Sitting in front of the TV yesterday after work was a little surreal because the cause of Michael Jackson’s death hit very close to home. I actually found myself crying when CNN broke the shocking news that he had died from cardiac arrest.
As the tears spilled down my cheeks, I felt really weird about crying since I didn’t have a personal connection to Michael Jackson other than being an admirer of his music. But after a few minutes I realized why his death was hitting me hard enough to provoke tears. My dad died the very same way back in 1998 when I was 28 years old. The memories of the day I got the call telling me my father had died buzzed around in my head as I listened to Wolf Blitzer on CNN.
I was prepared this morning while on our coffee break that the expected discussion about the death of Michael Jackson wasn’t going to be in my favor. My views definitely placed me in the minority rather than the majority because I never thought he was a child molester. Not even for one minute! I didn’t think he was a freak. I believe he was a great entertainer who loved children and built himself an amusement park to share with those less fortunate. He was, from my perspective, one of the most persecuted entertainers I’ve ever known. I’d easily rank him up there with OJ Simpson, but for him the sequined glove fit his one hand just fine, thank you very much.

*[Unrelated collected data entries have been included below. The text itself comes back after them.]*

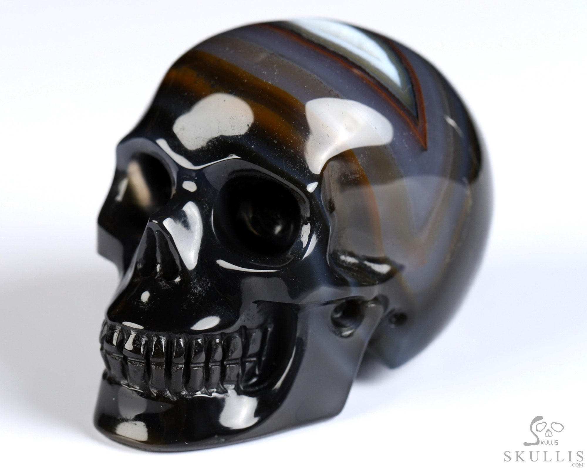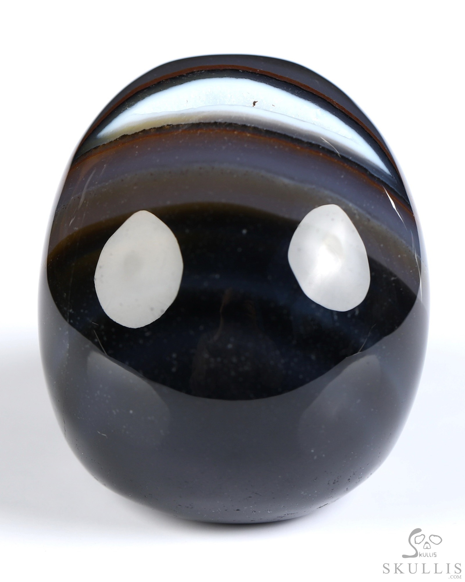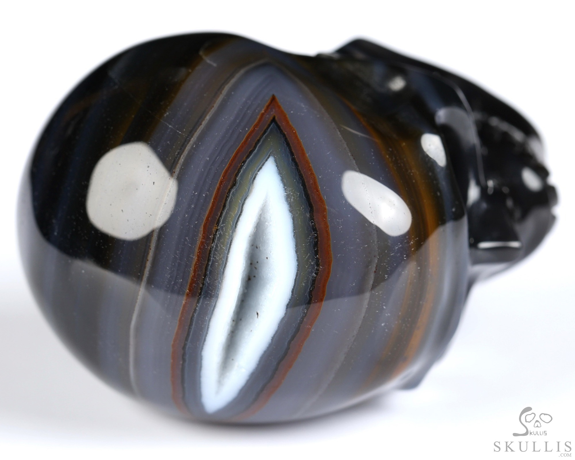 You are looking at a Black Zebra Agate skull. The skull is 2 inches from front to back.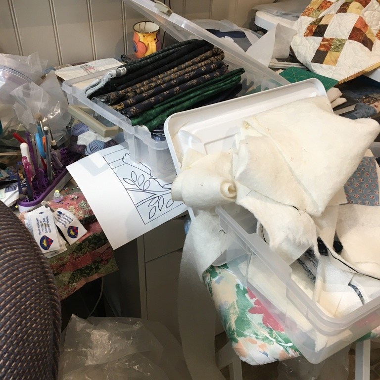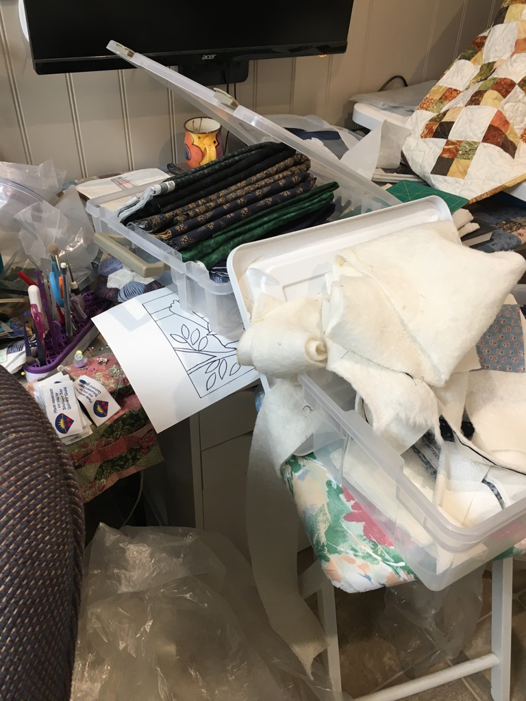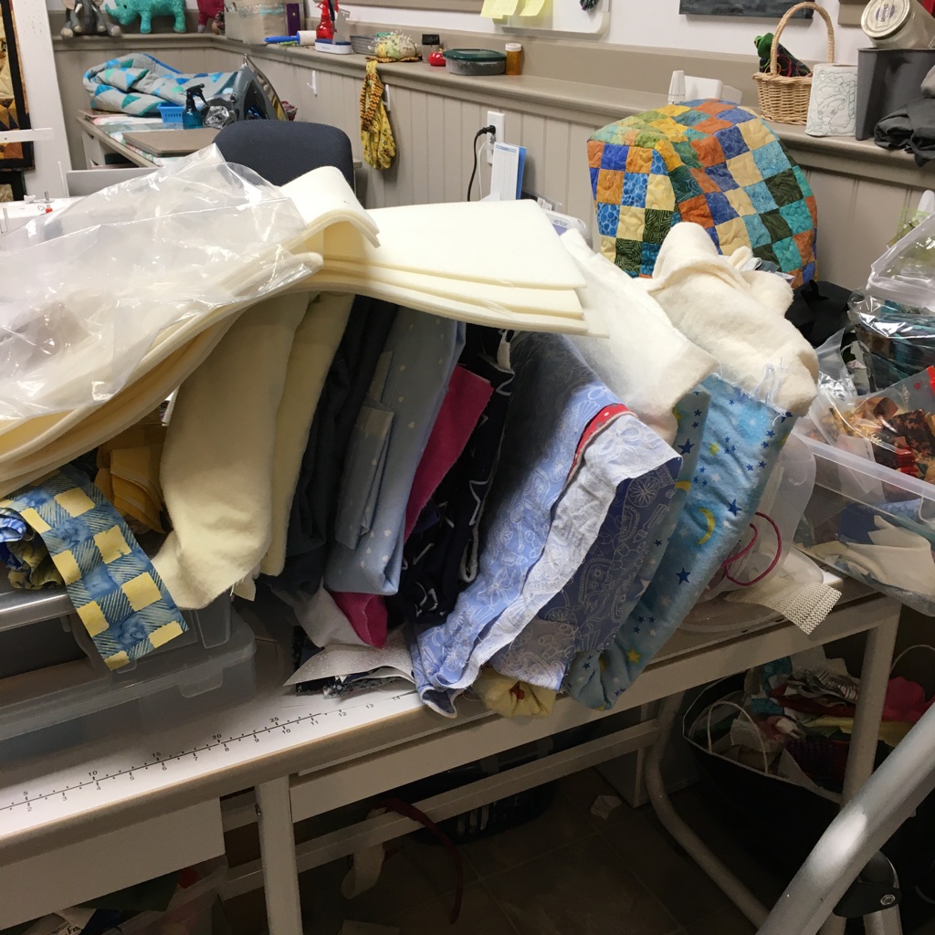 Here’s some pictures … as the room was before I started going through things: What a mess, eh? Every available surface cluttered with projects and fabric I need to put away, some baby quilts to be quilted, things to be unpacked from my latest class, fabric to be sorted through, papers cluttering up my computer desk, and left-over batting and fabric on my cutting table!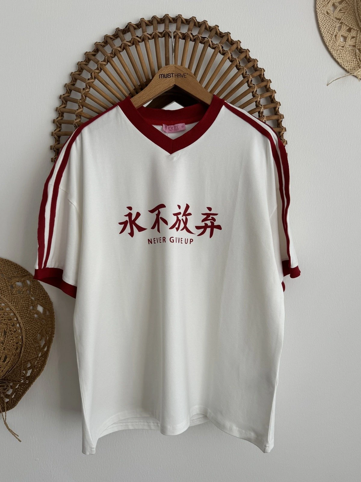 V YAKA ETİKET DETAY DOKULU KETEN TİŞÖRT – BORDO
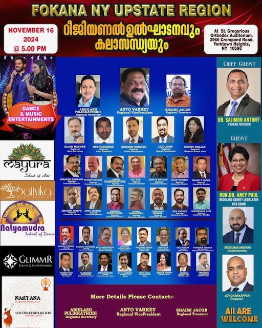 ന്യൂ യോർക്ക്: നോര്ത്ത് അമേരിക്കയിലെ മലയാളി സംഘടനകളുടെ സംഘടനയായ ഫൊക്കാനയുടെ പ്രബല റീജിയനുകളിൽ ഒന്നായ ന്യൂ യോർക്ക് അപ്പ്സ്റ്റേറ്റ് റീജിയന്റെ (റീജിയൻ 3 ) പ്രവർത്തന ഉത്ഘാടനവും കലാമേളയും 2024 നവംബർ 16 ആം തീയതി ശനിയാഴ്ച വൈകുന്നേരം 5 മണി മുതൽ യോർക്ക് ടൗൺ ഹൈറ്സിലുള്ള സെന്റ് ഗിഗോറിയസ് ഓർത്തഡോക്സ് ഓഡിറ്റോറിയത്തിൽ (2966 Crompond Road, Yorktown Heights ,NY 10598 )വെച്ച് വിപുലമായ പരിപാടികളോട് നടത്തുന്നതാണ് എന്ന് റീജണൽ വൈസ് പ്രസിഡന്റ് ആന്റോ വർക്കി അറിയിച്ചു.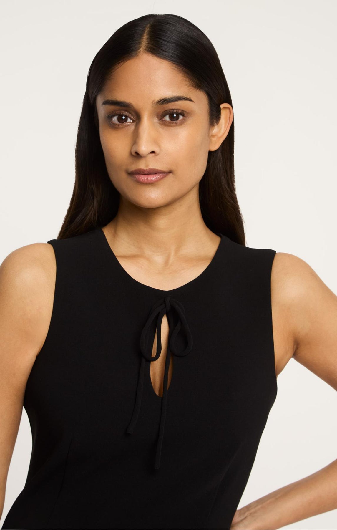 The Deidra Dress captures minimalist sophistication through carefully considered details. A keyhole cutout at the chest pairs with a delicate tie neckline, while contrasted pleating at the hem adds subtle dimension.
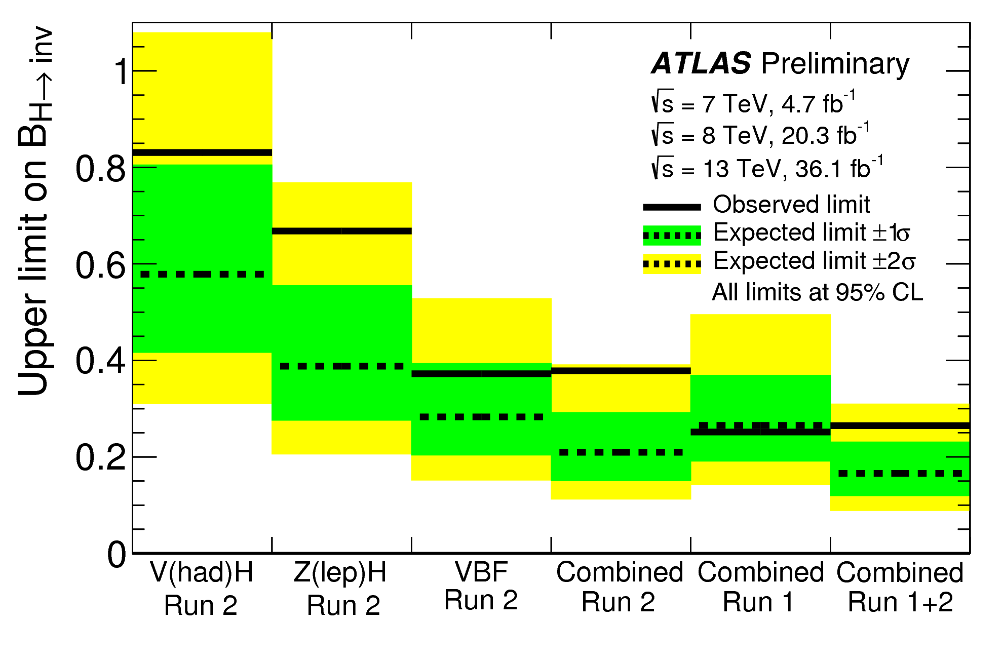The combined expected limit BR(H->inv) < 0.17 (+0.07 -0.05) is currently

I didn’t voice my opinion this morning over coffee, but rather I sat and listened to what my coworkers had to say about a man none of us ever really knew. But I didn’t pass judgement and think that their views were ignorant as they could easily of said the same about mine. Everyone is entitled to their own opinion, but I knew that no one wanted to hear mine so I kept my mouth shut.
Instead I sipped my hot cup of Starbucks coffee and took comfort in knowing this man has finally found peace.